» **Data supplied**:
------------------------------------------------------------

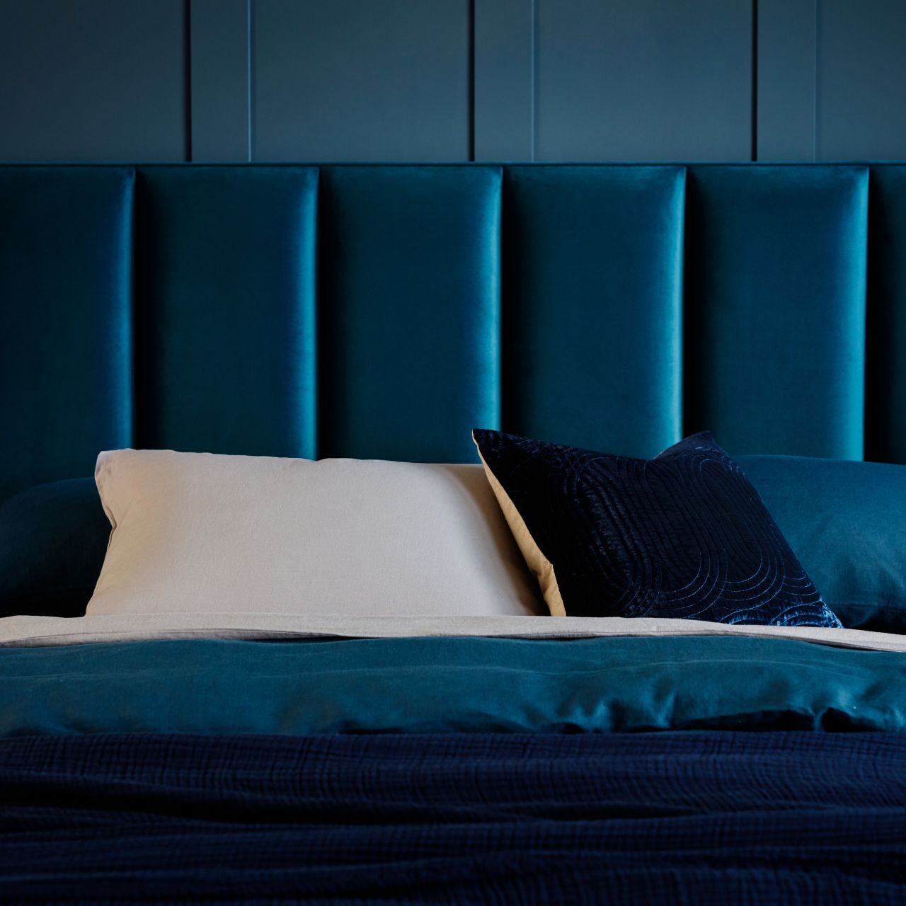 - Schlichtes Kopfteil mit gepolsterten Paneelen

------------------------------------------------------------

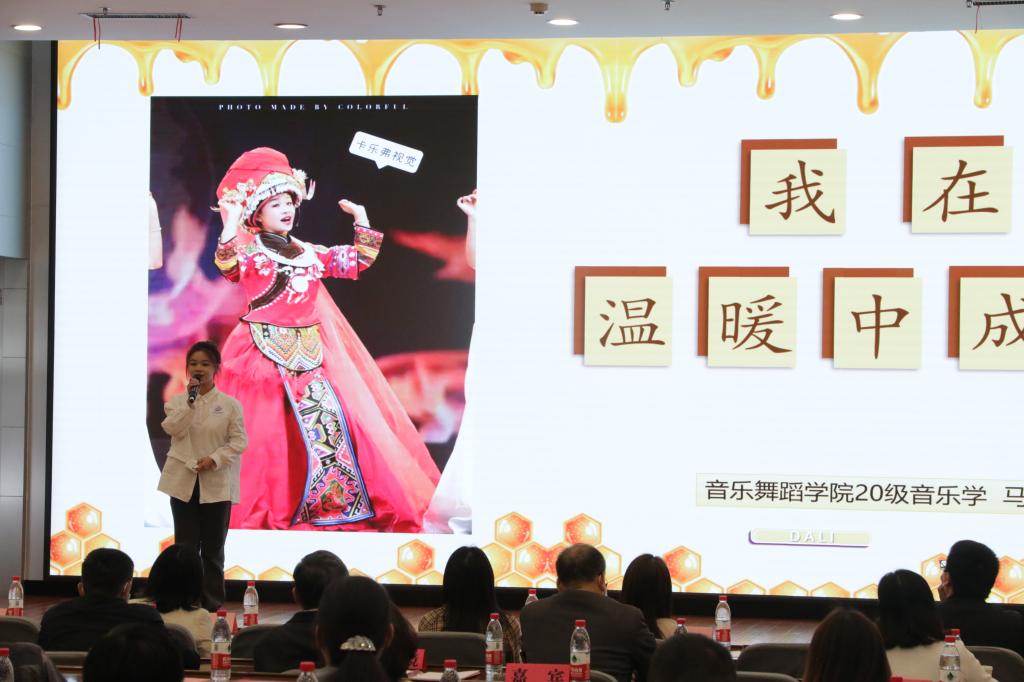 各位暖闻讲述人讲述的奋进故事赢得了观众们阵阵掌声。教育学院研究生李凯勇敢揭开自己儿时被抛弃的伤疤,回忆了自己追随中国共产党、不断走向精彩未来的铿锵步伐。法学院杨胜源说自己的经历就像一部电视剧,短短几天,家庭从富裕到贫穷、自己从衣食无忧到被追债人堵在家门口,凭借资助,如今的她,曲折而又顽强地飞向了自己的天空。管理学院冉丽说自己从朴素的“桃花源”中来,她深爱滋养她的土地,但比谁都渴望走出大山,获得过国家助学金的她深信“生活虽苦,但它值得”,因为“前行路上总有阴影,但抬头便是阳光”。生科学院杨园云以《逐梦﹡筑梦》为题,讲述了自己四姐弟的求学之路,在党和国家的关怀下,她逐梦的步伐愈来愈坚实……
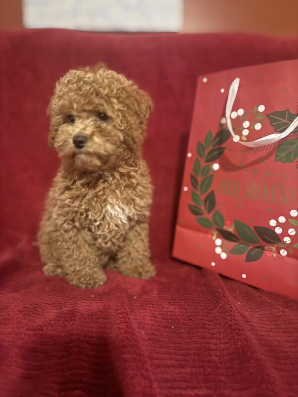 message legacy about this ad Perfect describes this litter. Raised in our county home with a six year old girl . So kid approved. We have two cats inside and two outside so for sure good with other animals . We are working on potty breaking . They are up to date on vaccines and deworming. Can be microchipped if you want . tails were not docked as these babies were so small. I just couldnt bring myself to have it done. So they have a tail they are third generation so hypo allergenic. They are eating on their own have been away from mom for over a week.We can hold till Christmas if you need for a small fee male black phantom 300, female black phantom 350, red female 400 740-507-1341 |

------------------------------------------------------------

» **Problem to work on**: Reproduce the data above exactly, but only from the line containing "各位暖闻讲述人讲述的奋进故事" through the line containing "message legacy about"; skip the pictures.

» **Response**:
 各位暖闻讲述人讲述的奋进故事赢得了观众们阵阵掌声。教育学院研究生李凯勇敢揭开自己儿时被抛弃的伤疤,回忆了自己追随中国共产党、不断走向精彩未来的铿锵步伐。法学院杨胜源说自己的经历就像一部电视剧,短短几天,家庭从富裕到贫穷、自己从衣食无忧到被追债人堵在家门口,凭借资助,如今的她,曲折而又顽强地飞向了自己的天空。管理学院冉丽说自己从朴素的“桃花源”中来,她深爱滋养她的土地,但比谁都渴望走出大山,获得过国家助学金的她深信“生活虽苦,但它值得”,因为“前行路上总有阴影,但抬头便是阳光”。生科学院杨园云以《逐梦﹡筑梦》为题,讲述了自己四姐弟的求学之路,在党和国家的关怀下,她逐梦的步伐愈来愈坚实……
 message legacy about this ad Perfect describes this litter. Raised in our county home with a six year old girl . So kid approved. We have two cats inside and two outside so for sure good with other animals . We are working on potty breaking . They are up to date on vaccines and deworming. Can be microchipped if you want . tails were not docked as these babies were so small. I just couldnt bring myself to have it done. So they have a tail they are third generation so hypo allergenic. They are eating on their own have been away from mom for over a week.We can hold till Christmas if you need for a small fee male black phantom 300, female black phantom 350, red female 400 740-507-1341 |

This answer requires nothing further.